For further education we encourage you to explore the spack
documentation on configuration files.
The principle goals of this section of the tutorial are:
- Introduce the configuration sections and scope hierarchy
- Demonstrate how to manipulate configurations
- Show how to configure system assets with spack (compilers and packages)
As such we will primarily focus on the compilers
and packages configuration sections in this portion of the tutorial.
We will explain this by first covering how to manipulate configurations from
the command line and then show how this impacts the configuration file
hierarchy. We will then move into compiler and package configurations to help
you develop skills for getting the builds you want on your system. Finally,
we will give some brief attention to more generalized spack configurations
in the config section.
For all of these features, we will demonstrate how we build up a full
configuration file. For some, we will then demonstrate how the
configuration affects the install command, and for others we will use
the spack spec command to demonstrate how the configuration
changes have affected Spack's concretization algorithm. The provided
output is all from a server running Ubuntu version 22.04.
You can run spack config blame [section] at any point in time to see what
your current configuration is. If you omit the section then spack will dump all
the configurations settings to your screen. Let's go ahead and run this for the
concretizer section.
$ spack config blame concretizerNotice that the spack:concretizer:reuse option is defaulted to true.
For this section we'd actually like to turn reuse off so that when we demonstrate
package configuration our preferences are weighted higher than available binaries
for the concretizer solution selection procedure.

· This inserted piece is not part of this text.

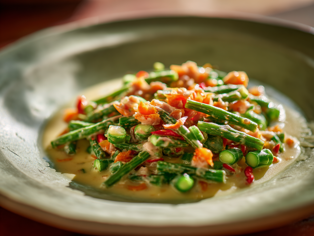 A bold and fiery Filipino favorite, Gising Gising features tender vegetables—traditionally string beans—sautéed in a rich, creamy coconut milk sauce infused with shrimp paste, garlic, and chilies. The dish delivers a perfect balance of savory, spicy, and creamy flavors, with each bite offering a satisfying heat that truly “wakes up” the palate. Deeply aromatic and irresistibly comforting, Gising Gising is a vibrant, flavor-packed dish that pairs beautifully with steaming rice and is guaranteed to excite your taste buds. 🌶️🥥🍽️✨ Servings:  Good for 2-3 pax.
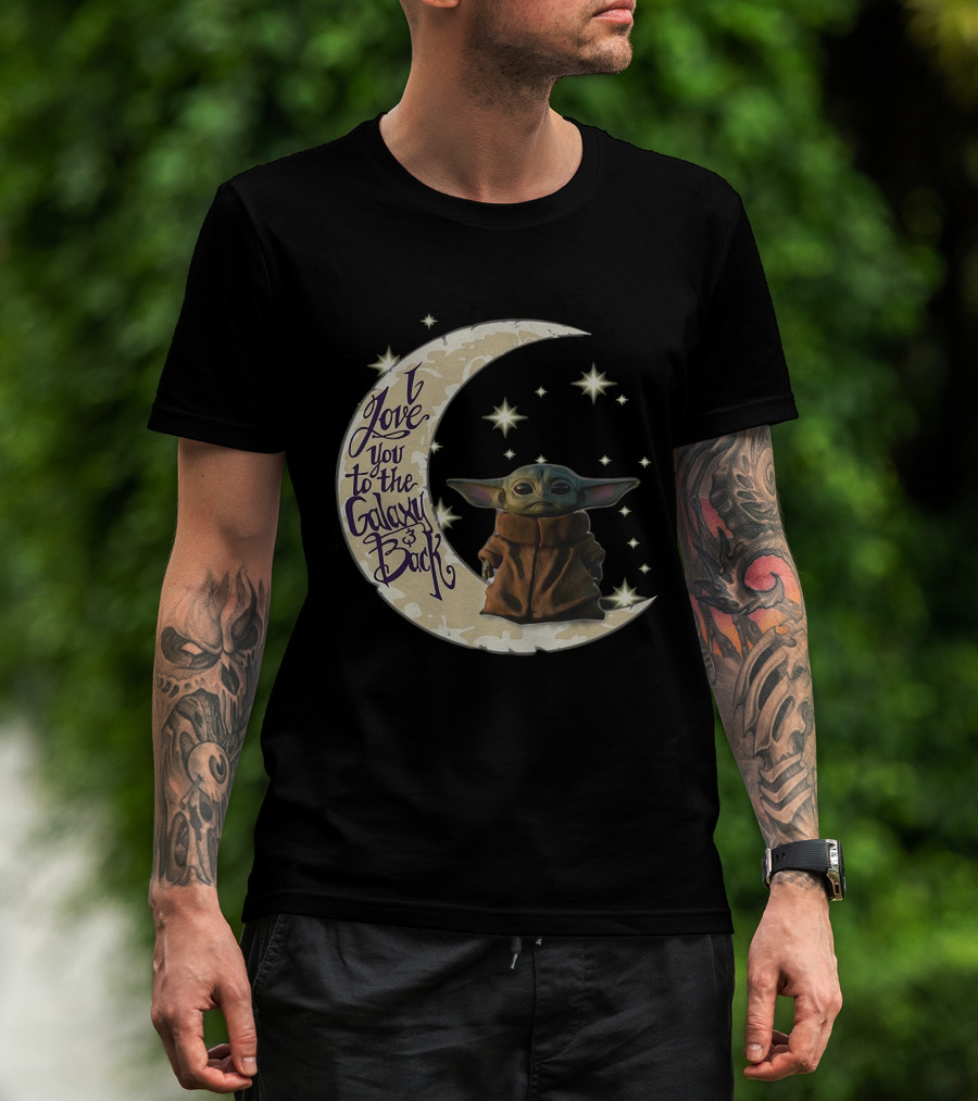 Baby Yoda I Love You To The Galaxy And Back Crescent Moon Stars T-Shirt

One of the most convenient ways to set configuration options is through the command line.
$ spack config add concretizer:reuse:falseIf we rerun spack config blame concretizer we can see that the change was
applied.
$ spack config blame concretizerNotice that the reference file on for this option is now different.
This indicates the scope where the configuration was set in, and we will
discuss how spack chooses the default scope shortly.
For now, it is important to note that the spack config command accepts an
optional --scope flag so we can be more precise in the configuration process.
This will make more sense after the next section which provides
the definition of spack's configuration scopes and their hierarchy.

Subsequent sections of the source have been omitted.